The course is diabolical.

The rain is on its way. The wind is twisting. The pints are flowing.

I have been blessed to attend more than a few cool sporting events, but on a bucket list that includes Super Bowls, decisive World Series games, the Masters, Olympic gold medal games in baseball and men’s hoops, Final Fours, the Kentucky Derby, the Indy 500 and more, the British Open is high on the list of things I have not done but would love to.

This and that

› So John Malkovich’s villain turn in “Fantastic Four” was cut. It also happened to Kevin Costner in “The Big Chill” as his character — the corpse that drew all those former college friends back together — was removed from the final cut.

› Braves did not lose. That’s a good thing, right?

› Auburn wide receiver Malcolm Simmons was arrested on domestic assault charges. Been a busy stretch for the AU athletics legal team — do they need to get Gary? — since point guard Tahaad Pettiford got pinched for a DUI and linebacker DJ Barker — no relation to Bob (that I am aware of) — was arrested on multiple drug charges last week.

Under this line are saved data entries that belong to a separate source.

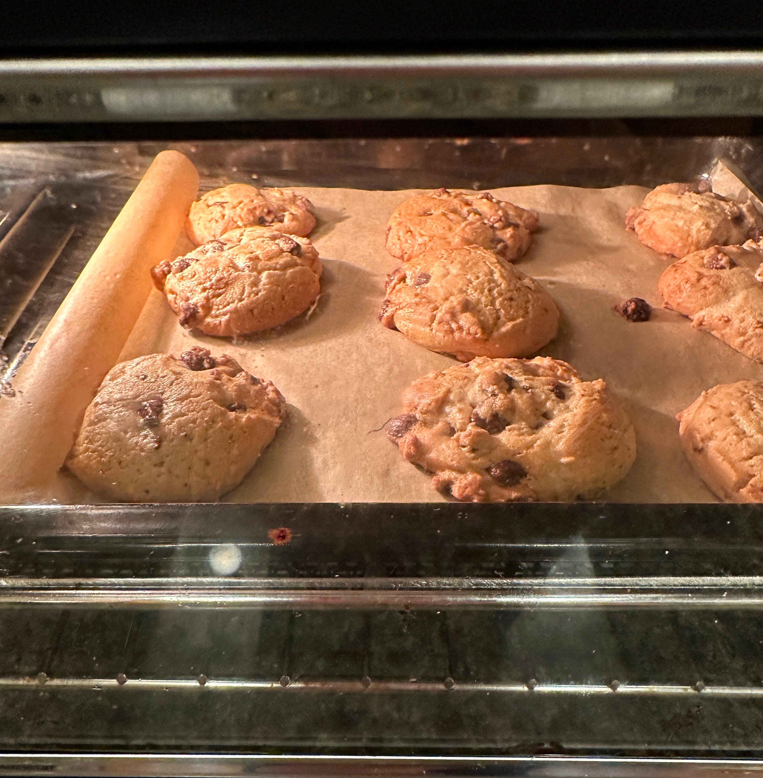 You all know me. I love an ultra processed food. I’m not here to say from scratch is better. I can also bake cookies fully from scratch. I’m not doing that here. I’m using the store bought dough. But the delightfulness of being able to have warm cookies, because also this way the cookies are warm! Which is the best. The Tate’s ones are not warm. And when it’s a movie night or something, just like, I’m going to bake 12 cookies really fast so we can eat them while we watch the movie.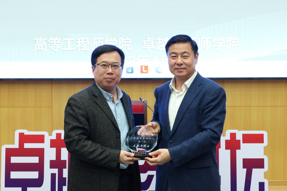 张海君对主讲人毛新平院士进行了详细介绍,并说明了卓越名家讲坛创办情况。苗胜军向毛新平院士赠送卓越名家讲坛纪念牌。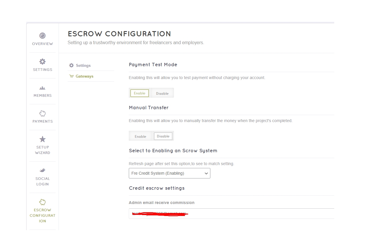 To use Credit as a payment gateway working with Escrow system, you have to select FrE Credit System.

› The ESPYs were last night. I did not watch. Here’s the list of winners. Heard Shane Gillis was a good host.

› Here’s Paschall with a report on Alabama Coach Kalen DeBoer heading into Year 2 with the Tide.

Today’s questions

It’s the ol’ AGT — Anything Goes Thursday — so fire away.

We’ll start with a couple for you:

› Which SEC QB1 do you wish was starting for your favorite team?

› Shouldn’t college football players be allowed to go back to school if they are unhappy with their draft position, like baseball players can?

› Did you watch any of The ESPYs?

As for today, July 17, let’s review:

Donald Sutherland would have been 90 today. What’s on a sneaky great Rushmore for Keifer’s old man?

Go, and remember the mailbag.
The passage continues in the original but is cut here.